Jadi memang benar Bang Waridin yang seharusnya kami kejar malam itu, namun malah Kang Adam yang tertangkap sehingga dia yang diinterogasi. Kabarnya sampai pagi Kang Adam masih di rumah Pak Rt. Karena ternyata saat ke rumah Wak Bin, mereka tak mendapati siapa pun di sana. Bahkan Wak Bin pun tidak ada.
“Malam itu, menurut pengakuan Wak Bin, anaknya si Bang Waridin itu mengajaknya keluar ke Masjid Jami’ di Kabupaten. Karena itulah mereka tak menemukan jejak-jejak mencurigakan soal kedatangan Bang Waridin seperti yang dinyatakan Kang Adam.”
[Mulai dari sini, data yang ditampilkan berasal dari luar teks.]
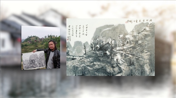 何加林外出寫生作品《酒鄉(xiāng)古寨》
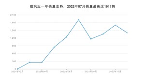 2022年11月,威飒销量为1397辆,环比下降17.97%。2021年11月-2022年11月份,威飒销量为10136辆,
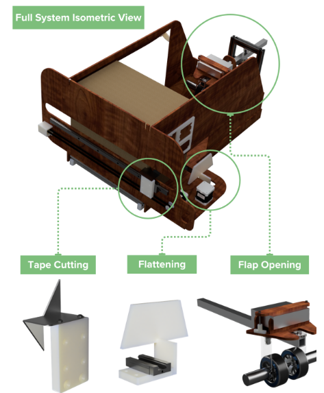 Cardboard packaging is essential in global commerce due to its durability, lightweight nature, and recyclability. In the U.S., about 70% of corrugated cardboard is recycled, but this rate could increase with better practices, such as properly collapsing boxes. Large heaps of un-collapsed cardboard are a common issue, especially in businesses and warehouses where workers often lack the time to break them down efficiently. Current solutions are bulky and destructive.
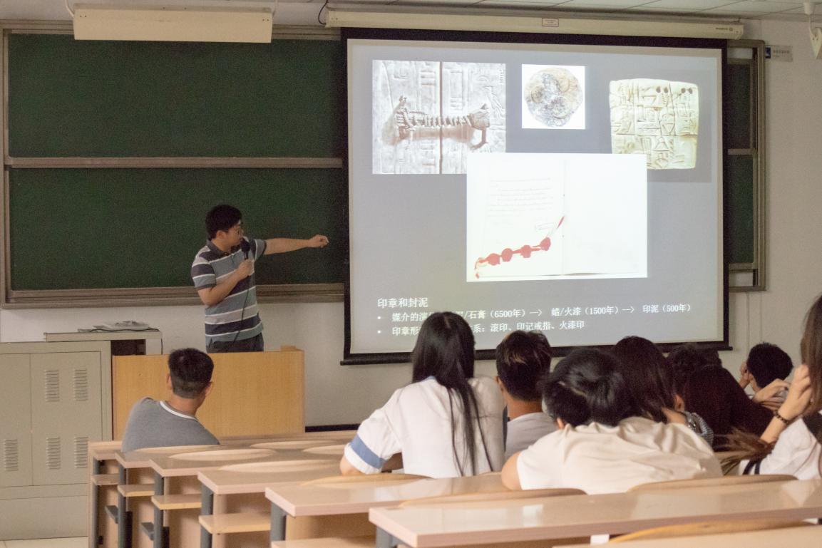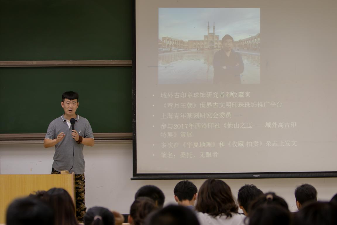 讲座的内容主要介绍古代东西方的图形艺术,对其展开讨论及历史探源。吴佳玮老师从自身的阅历、工作和研究经历谈起,讲到了从华夏大地开始,到进入西域及西域文化的“新势力”、波斯的文化与信仰和最后的罗马的三世纪危机和新的格局,并且由此出发,谈及了自己对于古代西方印章艺术中的异同的见解。
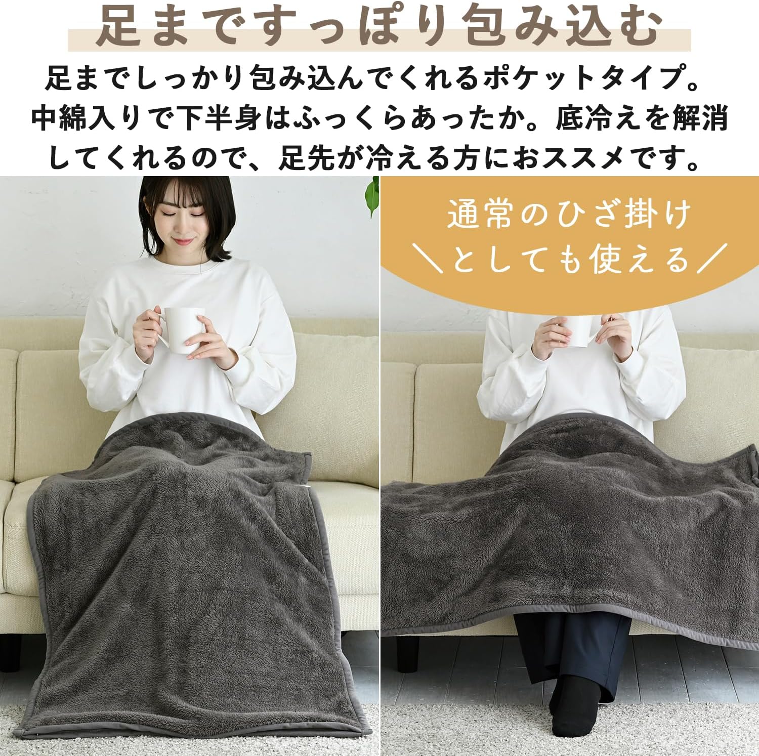 「足を入れるスタイルのため、寝転がって全身を覆うような使い方には向いていません。」

Kini semuanya menjadi jelas. Bahwa Kang Adam memang tidak bersalah. Bahwa Bang Waridin anaknya Wak Bin itu memang datang dari rantauan karena dalam masa pelarian sebagai buronan teroris. Kenyataan itu mengerikan bagiku, bagi kami, dan tentunya warga desa kami.
“Bang Waridin sampai bersumpah demi Allah lantaran kesal didesak untuk mengaku mencuri bendera,” ujar Khaled menutup percakapan.
Sungguh membingungkan.
Kemana hilangnya bendera usang desa kami itu?